Extracted records –
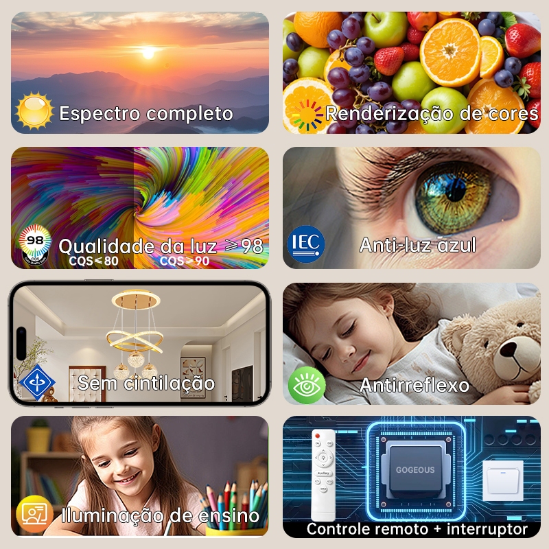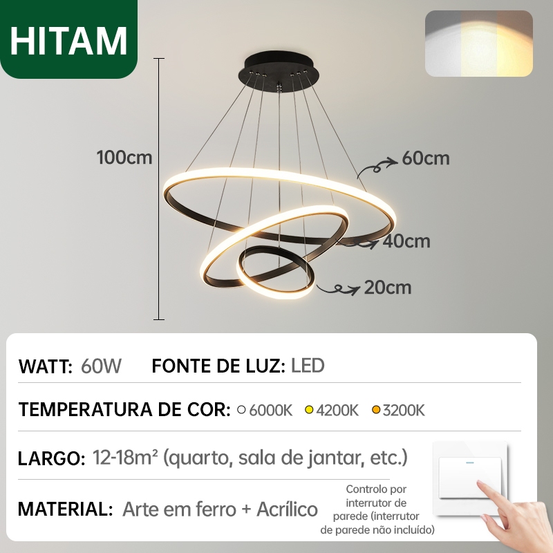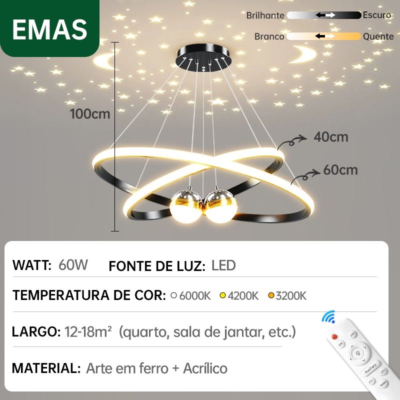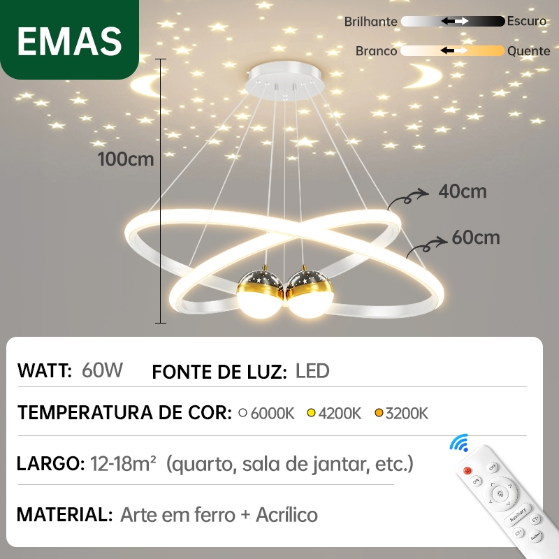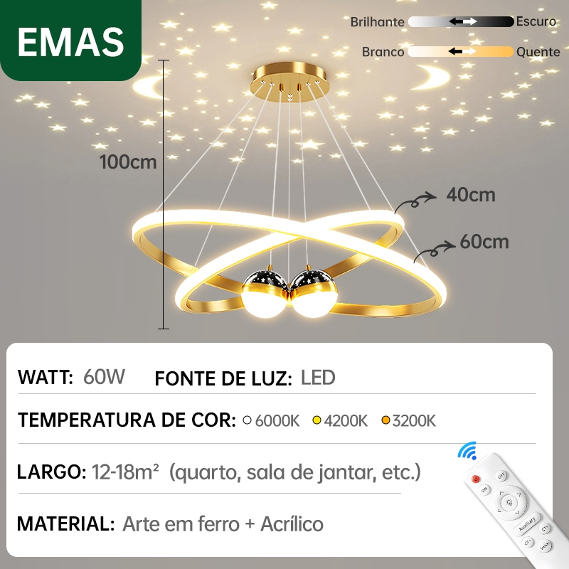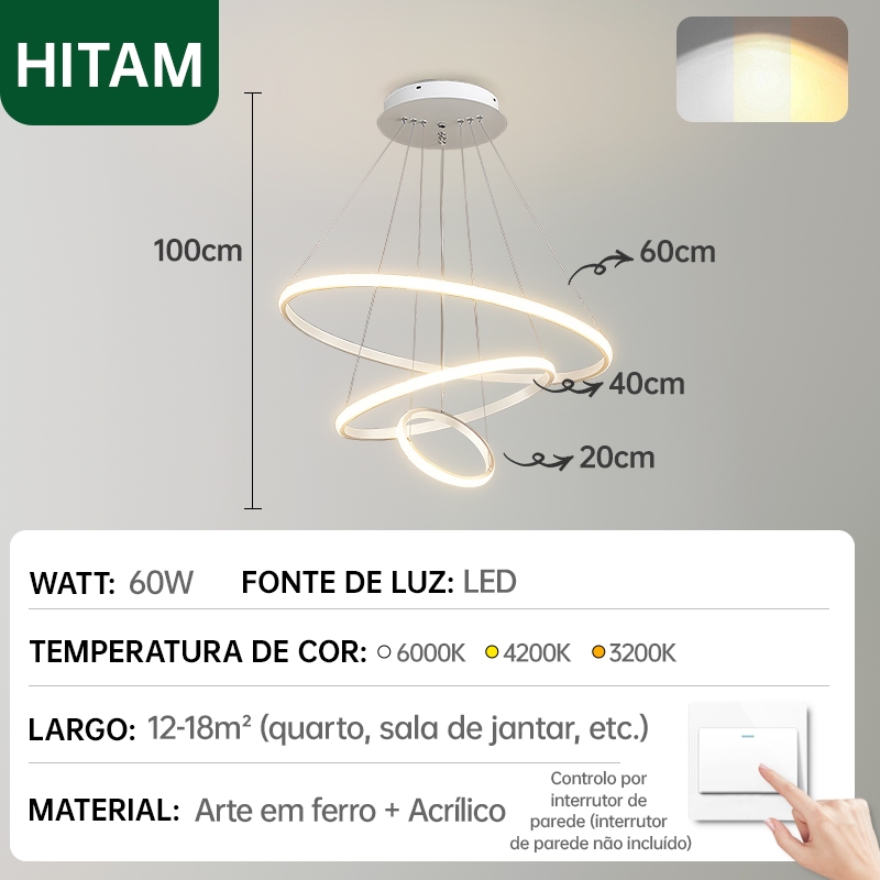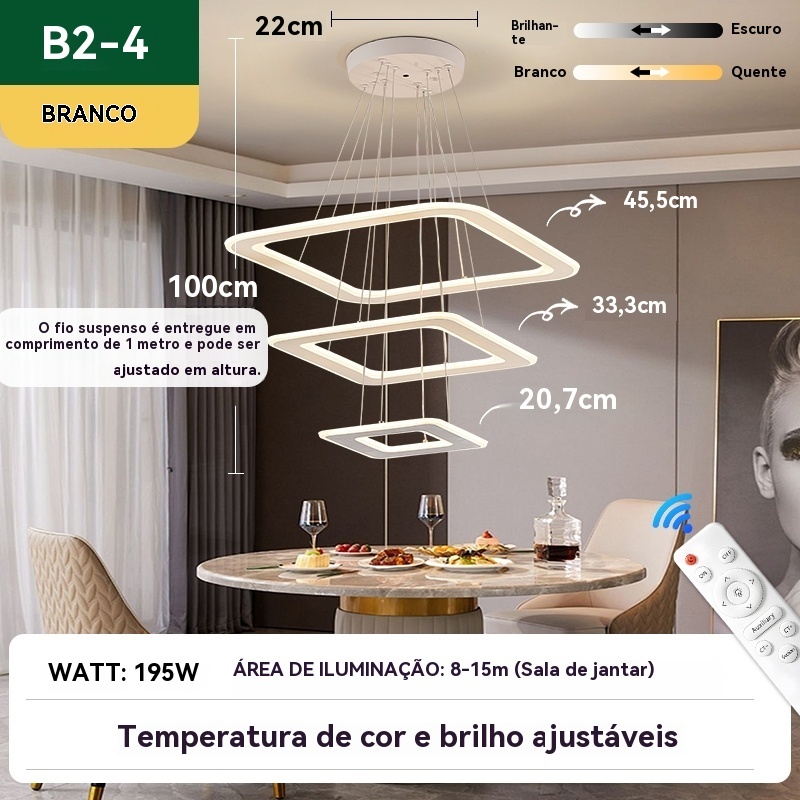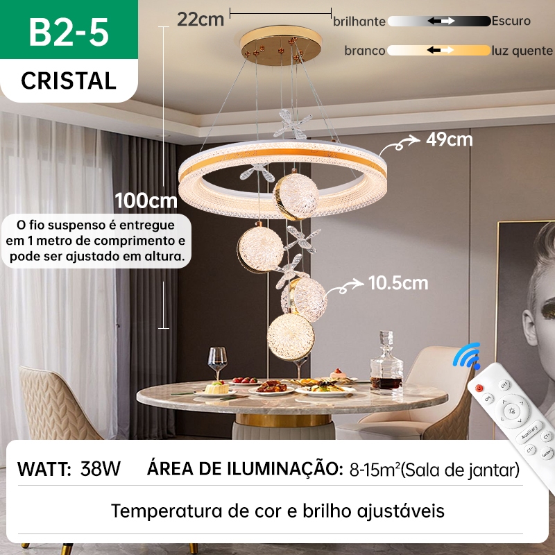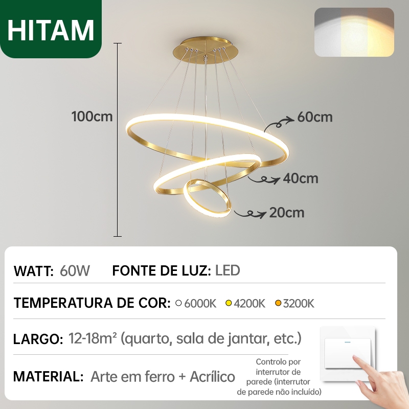 Lustre de Teto Nórdico Luxuoso LED 3 Cores Bivolt 110V-220V para Sala de Jantar e Estar
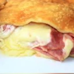 Delicioso pastel com frango desfiado, calabresa, bacon em cubos, queijo mussarela, presunto, ovo e milho.
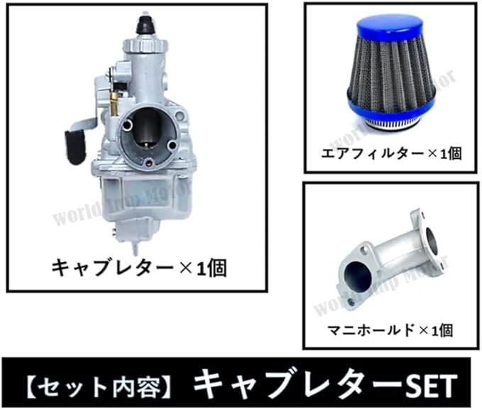 ✅ 付属品: 製品本体 1 ホースx2 エアクリーナー 1 マニホールド 1 遮熱フェノール樹脂プレート 1 エンジンガスケット 1 取り付けボルト 2 Oリングx1 合計10点
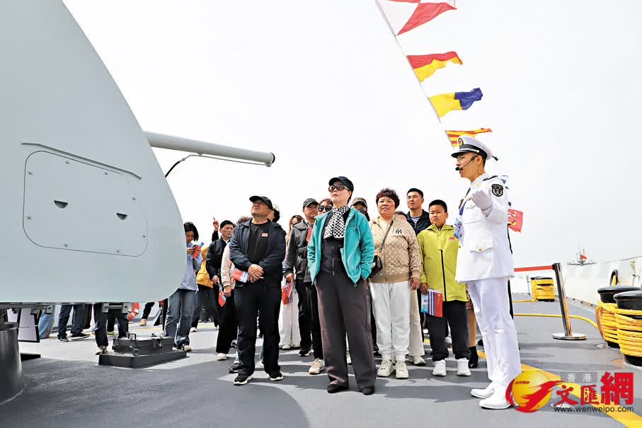 (香港文匯報記者 宋偉 大連報道)23日,北部戰區海軍某部牽頭駐地海軍部隊在遼寧大連某軍港舉辦艦艇開放活動。海軍054A型導彈護衛艦鄂爾多斯艦(舷號580)、第一艘遠洋航海訓練艦鄭和艦(舷號81)、081型掃雷艦青州艦(舷號730)懸掛滿旗,以海軍最隆重的禮儀迎接兩萬餘名民眾登艦參觀。來自內蒙古的王先生攜家人專程驅車千餘公里趕來。他憑欄遠眺,豪情滿懷地說:「親眼看到咱們國家這麼先進的軍艦,心裏滿是自豪。有這些重器守護,老百姓的日子過得硬氣、踏實!」
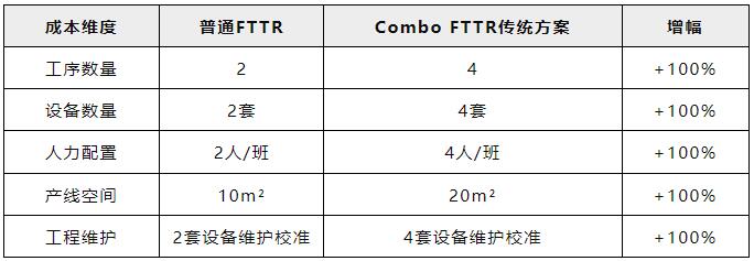 單模FTTR ONU口僅需2道工序。Combo FTTR因雙模式都需要獨(dú)立測(cè)試,工序暴增至4步。工序數(shù)量增加2個(gè),線體長(zhǎng)度同步增加4米以上,配套的質(zhì)檢、工藝管理等復(fù)雜度成倍增加,影響不容小覷。
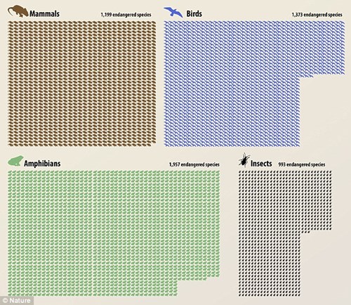 Nghiên cứu được tiến hành bởi tạp chí khoa học Nature cũng cho thấy hơn 1/4 tổng số động vật có vú và 13% loài chim đứng trước nguy cơ tuyệt chủng do những hành động của con người. Cuộc đại tuyệt chủng thứ 6 có thể trở thành hiện thực vào năm 2200, nếu các loài tiếp tục biến mất với tốc độ hiện nay.

THE TASK – Beginning with the line containing "Delicioso pastel com" and ending with the last line of the data above, repeat each line exactly. Include no pictures and no other lines.

RESULT –
 Delicioso pastel com frango desfiado, calabresa, bacon em cubos, queijo mussarela, presunto, ovo e milho.
 ✅ 付属品: 製品本体 1 ホースx2 エアクリーナー 1 マニホールド 1 遮熱フェノール樹脂プレート 1 エンジンガスケット 1 取り付けボルト 2 Oリングx1 合計10点
 (香港文匯報記者 宋偉 大連報道)23日,北部戰區海軍某部牽頭駐地海軍部隊在遼寧大連某軍港舉辦艦艇開放活動。海軍054A型導彈護衛艦鄂爾多斯艦(舷號580)、第一艘遠洋航海訓練艦鄭和艦(舷號81)、081型掃雷艦青州艦(舷號730)懸掛滿旗,以海軍最隆重的禮儀迎接兩萬餘名民眾登艦參觀。來自內蒙古的王先生攜家人專程驅車千餘公里趕來。他憑欄遠眺,豪情滿懷地說:「親眼看到咱們國家這麼先進的軍艦,心裏滿是自豪。有這些重器守護,老百姓的日子過得硬氣、踏實!」
 單模FTTR ONU口僅需2道工序。Combo FTTR因雙模式都需要獨(dú)立測(cè)試,工序暴增至4步。工序數(shù)量增加2個(gè),線體長(zhǎng)度同步增加4米以上,配套的質(zhì)檢、工藝管理等復(fù)雜度成倍增加,影響不容小覷。
 Nghiên cứu được tiến hành bởi tạp chí khoa học Nature cũng cho thấy hơn 1/4 tổng số động vật có vú và 13% loài chim đứng trước nguy cơ tuyệt chủng do những hành động của con người. Cuộc đại tuyệt chủng thứ 6 có thể trở thành hiện thực vào năm 2200, nếu các loài tiếp tục biến mất với tốc độ hiện nay.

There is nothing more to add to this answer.